INFORMATION SHOWN
########
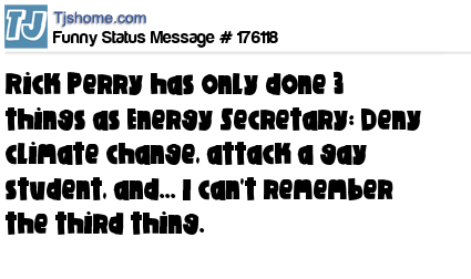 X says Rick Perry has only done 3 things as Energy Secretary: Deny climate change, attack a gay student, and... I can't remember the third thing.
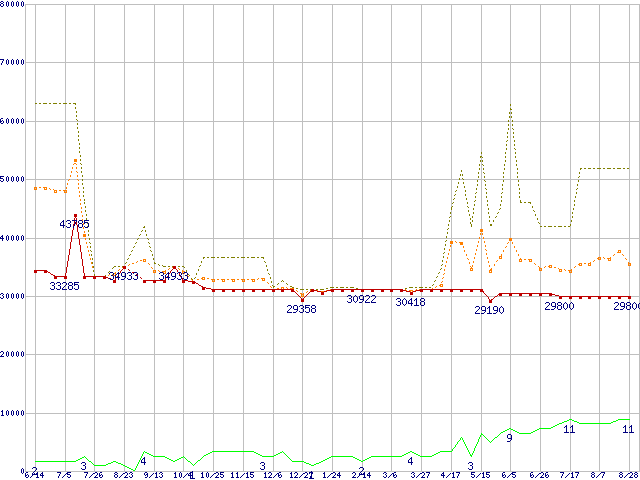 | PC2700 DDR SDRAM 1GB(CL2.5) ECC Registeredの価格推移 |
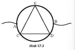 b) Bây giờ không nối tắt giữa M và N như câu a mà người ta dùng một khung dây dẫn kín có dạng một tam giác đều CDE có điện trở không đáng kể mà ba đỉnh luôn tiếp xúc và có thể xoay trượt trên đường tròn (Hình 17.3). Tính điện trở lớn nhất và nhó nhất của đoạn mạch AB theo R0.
########
EXERCISE REQUIREMENTS
Word for word, quote the full listing, omitting every picture.

ANSWER TO THIS EXERCISE
 X says Rick Perry has only done 3 things as Energy Secretary: Deny climate change, attack a gay student, and... I can't remember the third thing.
 | PC2700 DDR SDRAM 1GB(CL2.5) ECC Registeredの価格推移 |
 b) Bây giờ không nối tắt giữa M và N như câu a mà người ta dùng một khung dây dẫn kín có dạng một tam giác đều CDE có điện trở không đáng kể mà ba đỉnh luôn tiếp xúc và có thể xoay trượt trên đường tròn (Hình 17.3). Tính điện trở lớn nhất và nhó nhất của đoạn mạch AB theo R0.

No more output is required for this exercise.